Rabbit Hepatic Artery Catheterization
Approximately two weeks post-implantation, once the tumors reached approximately 1 cm in diameter, x-ray digital subtraction angiography (x-ray DSA) (GE OEC 9800 Plus, GE Medical Systems, Salt Lake City, UT) was performed to selectively place a catheter into tumor feeding branches of the hepatic artery. After catheter placement, 50 mg of microspheres were infused.
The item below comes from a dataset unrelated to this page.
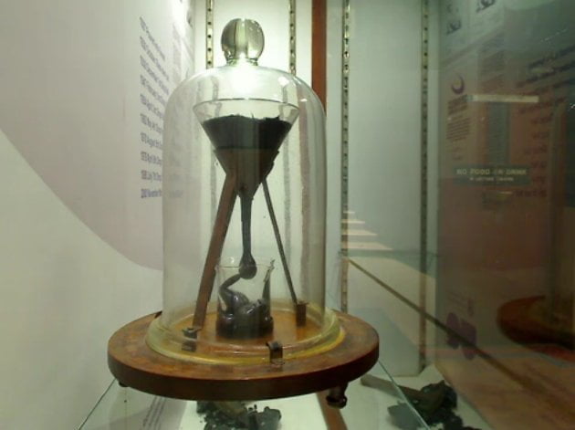 Sometimes everyday materials are more fluid than they seem. In 1927, Professor Thomas Parnell of the University of Queensland started what is now the longest continuously running laboratory experiment when he filled a sealed glass funnel with a sample of heated tar pitch. After allowing 3 years for the pitch to settle, the funnel’s stem was unsealed and the pitch has been slowly dripping ever since. Now, over 80 years later, the ninth drop is still just forming. No one has witnessed the fall of a pitch drop but the odds are good that someone will catch the ninth drop now that it has its own webfeed. The experiment, which won an Ig Nobel Prize in 2005, demonstrates the incredibly high viscosity of pitch, which the researchers estimated at 11 orders of magnitude larger than water at room temperature. (submitted by jshoer)

After the microsphere infusion, the catheter was withdrawn and the animal was immediately moved to the 7T MRI scanner for post-procedural imaging. To determine the exact dose of microspheres that was effectively delivered through the catheter, the remaining microspheres that were left undelivered in the vial and in the syringe were saved and analyzed via HPLC, using the same protocols as described above.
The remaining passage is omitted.